Joshua Ozersky, who spent his teen years in Atlantic City and later turned his insatiable love of food in to an unforgettable career as a food writer, died Monday in Chicago. He was 47.

Ozersky moved to Atlantic City as a 12-year-old in 1979, when his father, the painter David Ozersky, got a job as a stage technician at Resorts Casino. He attended Atlantic City High School and Rutgers University. His mother, Anita Ozersky, died suddenly when he was 14 years of age.

Ozersky first came to prominence as a founding editor of New York magazine's food blog, Grub Street, for which he won the James Beard Award. He was also the author of several books, including "The Hamburger: A History" and wrote frequently for Esquire, The Wall Street Journal, Food & Wine, and The New York Observer.

Ozersky was found dead in his Chicago hotel room on Monday. The cause of death has not been determined.

As a tribute to his considerable talent, here is Josh Ozersky writing about his life in Atlantic City, his father, and their shared love of food for savour.com several years ago.

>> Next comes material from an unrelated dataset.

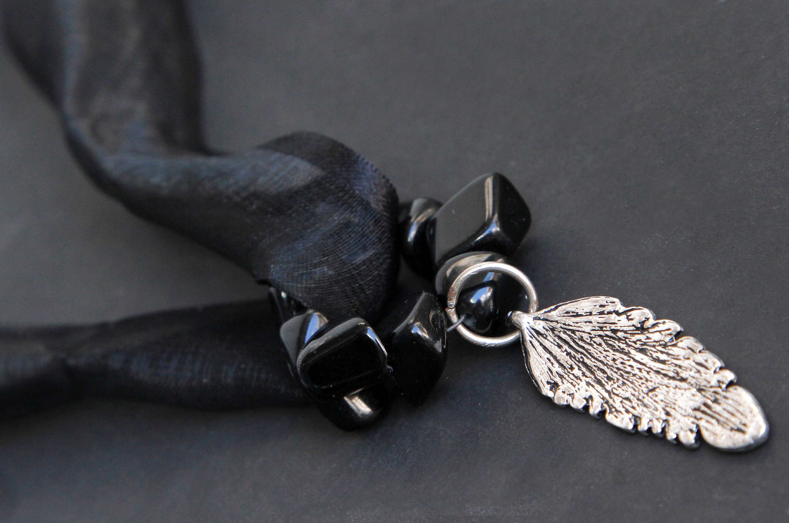 CHOKER DE MUSELINA Y SEDA CON COLGANTE DE PIEDRAS Y METAL ($250).

"David Ozersky, my father, thought about food a lot. He wasn't frantic and feral about it like I was, but we shared a deep common feeling on the subject, one of our few such bonds. My father, a brilliant but melancholy man, loved to eat, but I believe he took more pleasure in talking about eating. He would talk about his last meal while eating the current one, and soon his talk would turn to the subject of where we ought to eat next.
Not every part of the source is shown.